Much is being done by universities, students, and local authorities to combat sexual violence on campuses. UVA, for example, supports many initiatives including Take Back the Night, Not on Our Grounds, Greendot, Its On Us, OneLess, One in Four, SARA and so on. The most promising programs involve bystander intervention training.[15] The method focuses on teaching participants to recognize sexual aggression and entitlement in public settings and intervene non-coercively to diffuse it. Assault is normally preceded by inappropriate behaviors and minor aggressions that bystanders observe but tend to ignore as “not my business.” For example, prior to crossing paths with Hannah Graham, witnesses report seeing Jesse Matthews openly harass other women at bars, and later Graham was overheard saying she didn’t want to get in the car with him, but no one intervened.[16] What if all of the witnesses that night had said to themselves, “This is everybody’s business?” Bystander training is not only effective in protecting potential victims in the moment; it also highlights one of the ways such behaviors can get socialized out of a group: others interrupt them, over and over again.
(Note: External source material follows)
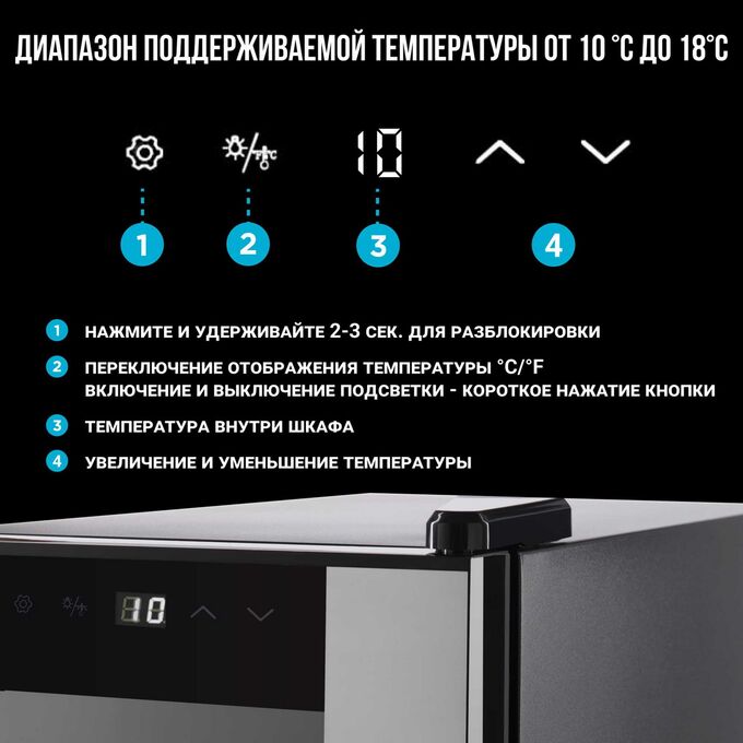Диапазон температур: 10-18°C (разница с температурой окружающей среды не более 15 °С)

But is there a particularly appropriate Christian response that might attend these efforts? One of the most important things to be said here is that not every concept is equally illuminating in every case. There are many ways in which Christians can make matters worse precisely by recourse to otherwise sound theological, biblical, or moral principles — most notoriously forgiveness, but also mercy, long-suffering, forbearance, love, imitating the suffering of Christ, and so on. All of these terms have been used directly and indirectly to keep people, especially women, in abusive relationships, to silence or dismiss victims, and to cover over systemic injustices. Similarly, evoking standards like modesty, purity, chastity, or sobriety can do more harm than help. The matter warrants tomes by way of theological response. I’ll offer just one set of observations concerning the way Christians could be more self-aware in response to sexual assault crises.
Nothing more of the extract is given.